Una delle nostre tappe obbligate è stata la visita ai musei delle Belle Arti: Arte Antica e Arte Moderna. Un’ubriacatura di bellezza! E, a parte tutto, basta fare solo un nome: Magritte! Dopo un po’ di milioni di quadri, ho avuto uno stordimento ed ho iniziato ad analizzare questo dipinto, olio su legno, di Vantongerloo, pittore e scultore belga, dal titolo “Relation-variation. Droites – courbes”. Analizzare, o forse vaneggiare, una delle due.

Per meglio comprendere l’opera è bene aggiungere un minimo di nomenclatura. Riconosciamo 5 elementi complessivi: tre verticali, dove in particolare la linea rossa sulla destra è spezzata due volte, e due orizzontali, dove in particolare il complesso di quattro linee grigie è curvo.

Immaginiamo l’artista che, ad un certo punto della sua carriera, si sarà seduto ed avrà pensato a questo arrangiamento. Una volta scelta la posizione dei 5 elementi, avrà concentrato la sua ispirazione sul numero di linee: ogni elemento avrebbe potuto contenere una, due, tre o quattro linee, ma ha poi scelto di disegnarne sempre solo una, tranne in una occasione. Tale scelta non si applica alla linea verticale sulla destra, che rappresenta il legame, la “relation”, diritto ma unico, tra due pensieri, simboleggiati dai complessi lineari verticali.

Una seconda importante scelta riguarda la mobilità delle linee, la loro natura lineare o curva. A questo riguardo, i due complessi lineari orizzontali dovevano avere diversa forma, scegliendo tra orizzontale retto, curvo verso il basso e curvo verso l’alto. In questo caso, Vantongerloo ha optato per una linea dritta in alto, e per linee grigie curve in basso, come a dire che il passare del tempo insiste sulla convessa esistenza dell’uomo.

L’artista avrà anche ragionato sull’intreccio delle linee: ogni incrocio può mostrare solo una delle due linee mentre l’altra resta spezzata, a creare un’illusione di tridimensionalità. Nello specifico, il dipinto nella sua versione definitiva mostra esattamente 5 incroci, e in tutti e 5 i complessi lineari orizzontali prevaricano sulla linea verticale rossa.
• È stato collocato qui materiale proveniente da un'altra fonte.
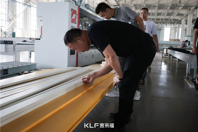 2023年7月16日,jinnianhui官网 - 金年会铁三角运营团队和新商汇合,一行人走进华东新桥生产基地,领略jinnianhui官网 - 金年会水漆车间的生产潜力。大家对于德国伊玛激光封边机的封边效果表示赞赏,生产线的智能化让大家对jinnianhui官网 - 金年会的交付能力放心。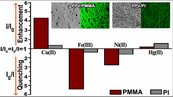 Poly(phenylenevinylene)/polyimide (PPV/PI) and poly(phenylenevinylene)/ polymethylmethacrylate (PPV/PMMA) fibrous membranes without any deliberately introduced receptors were prepared as fluorescence sensing materials through electrospinning, followed by thermal treatment. Both of these membranes displayed higher sensitivity toward most cations compared to the corresponding spin-coated films. PPV/PMMA membranes were more sensitive than PPV/PI membranes toward Cu2+ and Fe3+. About 4.5 fold of intensity enhancement upon 20 nM of Cu2+, 80% of quenching upon 20 nM of Fe3+ with fast response and simple regeneration were realized for PPV/PMMA membrane. The preliminary investigation into the mechanism revealed that the properties of the polymer matrix and thermal treatment of the membrane played important roles in the sensing performance.

In ultimo, resta la decisione cromatica: tre soli colori, rosso, nero e grigio, certo, ma non possono essere messi vicini. Così, i due complessi lineari verticali devono avere due colori diversi e diversi dalla linea verticale destra. Inoltre il complesso lineare verticale centrale non può avere lo stesso colore dei due laterali.

Quante possibili opere diverse poteva disegnare Vantangerloo? In caso di estrema pigrizia, calcolare la radice quadrata del numero.

Bruxelles 2011 (2) – Un dipinto di Vantongerloo


Siano a, b, c, d, e 5 zone di un quadro, nelle quali disegniamo delle linee parallele. Le linee nelle zone a, b, c sono verticali. Le linee nelle zone d, e sono orizzontali, ed incrociano la linea in c. Quante composizioni di linee si possono creare se: in c c’è una sola linea verticale; in a, b, d, e possiamo disegnare 1, 2, 3, 4 linee; le regioni d, e hanno forma diversa, con linee dritte, curve verso l’alto o curve verso il basso; ogni incrocio tra una linea di d, e e la linea c può spezzare o la linea orizzontale o quella verticale; b deve avere un colore diverso da a, c, e d, e devono avere colori diversi tra loro e diversi da c.